Lots of problem - but yes we can discuss one by one

• strlen returns the length of the nul terminated char array. The content of the array in your case is indeterminate at the time you are applying strlen on it. This is undefined behavior. You may wanted to initialize the char array char sign2[200]={0} so that you can use strlen on it. (By the way - if you want to get the size of the char array use sizeof(sign2) )

• scanf("%s",&sign2); will be scanf("%s",sign2); because char array converted ("decays") into pointer to the first element - which is a pointer to the sign2[0]. That is what you are supposed to pass to scanf. Your compiler complained about it.

• sign2[size]=sign2; is not doing what you are thinking it is doing - this is trying to assign a char* to a char variable which is wrong.

• Also every time you are overwriting what is there in sign2. Ideally you want to get a char input and that will be scanf(" %c",&somecharvar);.

• After you get the input in somecharvar then adding it would be easy. You can simply get the length of the string and then add the character and also the nul terminating char. In case you are thinking - what will be the case the very first time then you will have do one thing - initialized sign2 with \0 initially.
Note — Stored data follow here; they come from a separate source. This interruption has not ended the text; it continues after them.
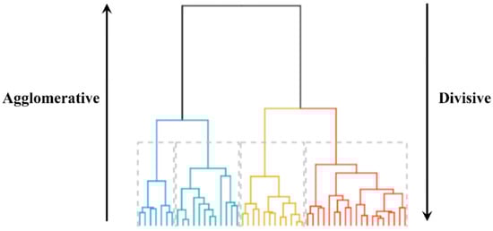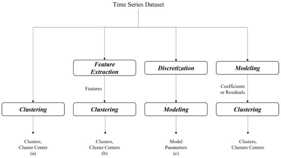 Figure 2 shows three different approaches: raw-data-based, feature-based, and model-based. Note that the left branch of the model-based approach trains the model and uses model parameters for clustering without needing another clustering algorithm. Unlike a raw-data-based approach, a feature-based approach has steps to extract features, allowing researchers to effectively understand characteristics of the data. A model-based approach clusters by extracting model parameters or determining coefficients and residuals through various models. This approach allows researchers to proceed with the clustering process and use several general-purpose clustering algorithms to cluster according to the given data [,,].
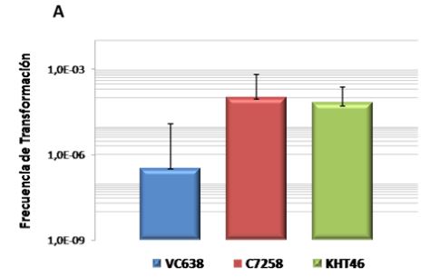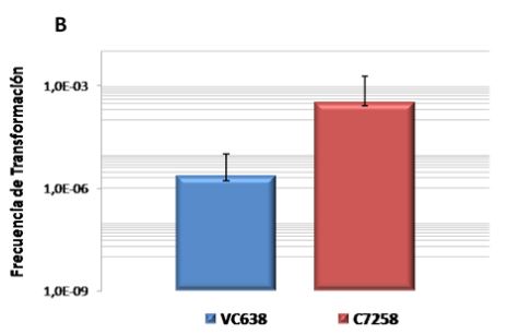 En una primera instancia, se analizó la capacidad de transformación natural de la cepa VC638 en comparación con su parental C7258 empleando el exoesqueleto de langosta como fuente de quitina, de acuerdo con Meibom y cols, 2005 demostraron que V. cholerae en presencia de quitina se hace competente y es capaz de adquirir ADN soluble presente en el medio e incorporar ese nuevo ADN a su cromosoma, mediante mecanismos de recombinación homóloga. Teniendo en cuenta que la cepa VC638 no produce la fimbria hemaglutinina sensible a manosa (MSHA), (25) se decidió evaluar, además, su desempeño en comparación con la cepa KHT46, mutante del gen mshA, que codifica la subunidad principal de dicha pilina. Los resultados de tres experimentos independientes demostraron que la frecuencia de transformación de las cepas C7258 y KHT46 es de 102 a 103 veces mayor que la de la cepa VC638 (Fig. 4A).
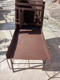 Barbecue a legna in ferro, con camera di combustione e griglia. Dimensioni: 105x55x70 cm. La camera di combustione misura 40×40
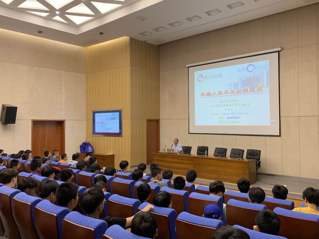 2019年5月25日上午,2019年度南京市高技能人才研修班开班仪式在我院举行。本次高研班邀请到南京工程学院汪木兰教授、南京熊猫电子装备有限公司市场部部长孙强、南京旭上数控技术有限公司高级工程师吴乐平、万搏在线网站高级技师陈挺等4位专家为本次高研班进行现代机器人技术应用的专业讲座及技术指导。
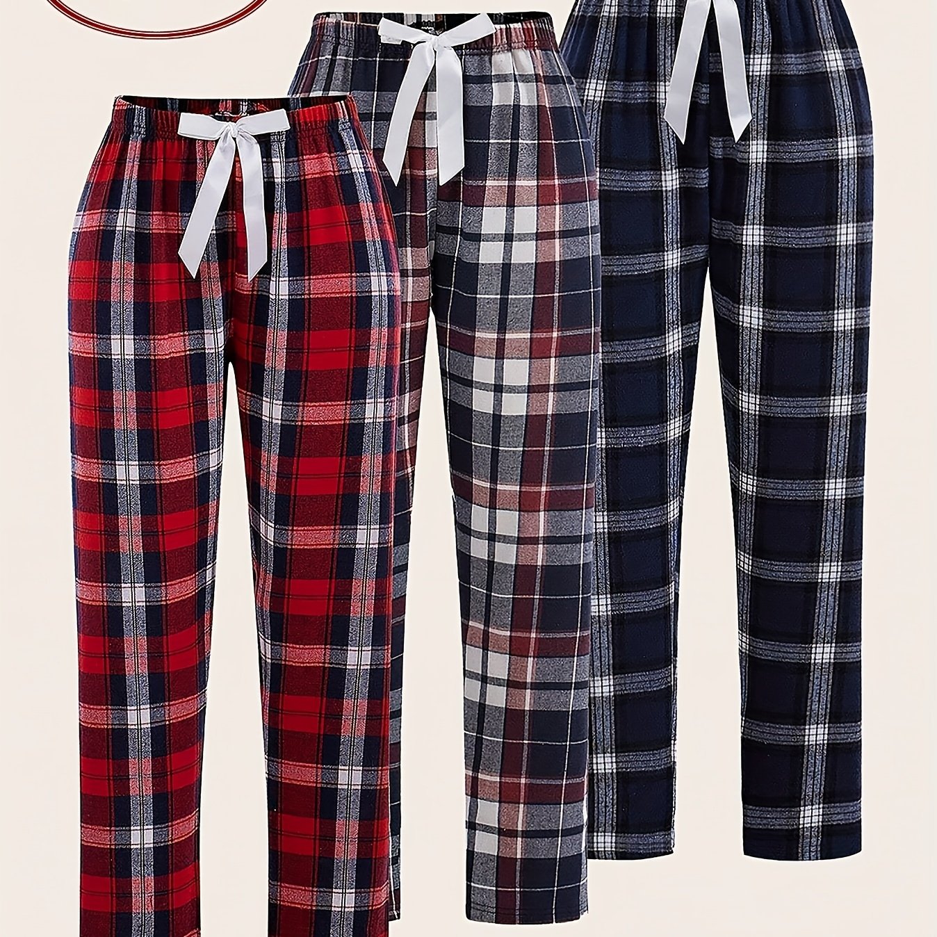 TEMU 여성용 3피스 체크무늬 슬립 팬츠 세트, 리본 타이 허리밴드 - 편안하고 루즈핏, 신축성 있는 허리, 세탁기 사용 가능
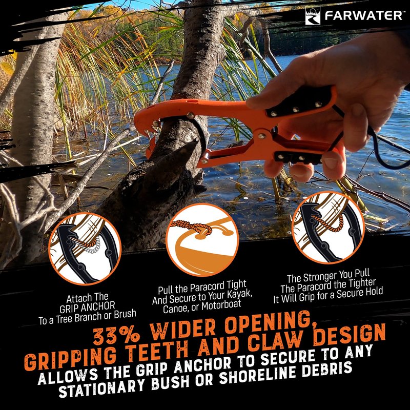 Need a fast, secure, and smart way of anchoring your boat or canoe You are out on your canoe or kayak soaking in the sights, feeling the cool breeze against your skin, waiting for a catch. You bring out your anchor and drop it in the water, but it creates a loud splash that scares away all the fish in the area. When it's time to leave, you pull your anchor up, only to find it firmly stuck in underwater debris. If only there was a faster and fuss-free way of securing your boat! Anchoring your boat is easy with the orange FARWATER Canoe Anchor Grip. Secure your kayak, canoe, boat, or float tube the smart way. With this anchor’s gripping teeth and claws, it’s designed to firmly clamp down on stationary objects, such as timber, shoreline brush, docking posts, or tree branches. This gripper uses a tension system that allows it to clamp down even harder when the paracord line is tugged. There's no need for you to drop large anchors into the water which could spook the fish or even damage their habitat. Forget about bringing heavy anchors all the time. Our anchor grip only weighs 8oz and is made of powder-coated steel that is protected against the formation of rust or corrosion. Need more time to decide Here are more reasons to equip yourself with this boat anchor grip: - Sturdy, non-slip rubber grips - Connected to a 15-ft. heavy-duty 550 paracord line - Wide opening, easy to attach and remove - Grips small brush or large branches - Perfect gift idea for boating, canoeing, duck hunting, or kayak fishing enthusiasts Now is the time for a boat anchor upgrade. Add the FARWATER Canoe Anchor Grip to your cart NOW!

That way even if you call strlen over it the very first time - it will give you the result of 0.

  char somevar;
  if( scanf(" %c",&somevar)!= 1){
      fprintf(stderr,"Error in input\n");
      exit(1);
  }
  size_t sz = strlen(sign2);
  if(sz+1 < sizeof(sign2)){
      sign2[sz]=somevar;
      sign2[sz+1]=0;
  } else {
      fprintf(stderr,"Noe enough space\n");
      exit(1);
  }
  

• As you have already seen, strlen returns the length of the string which of type size_t. size_t is guaranteed to hold the size of any object in C.

• For scanf always check it's return value, in case it fails you will know it and terminate the program or handle it accordingly( most plausible being - eating out the wrong inputs from stdin that would still be there because scanf couldn't parse it).

• This is a good practice you can say - instead of using hard-coded value (magic numbers) like 200 or similar use a macro or constant to incorporate them.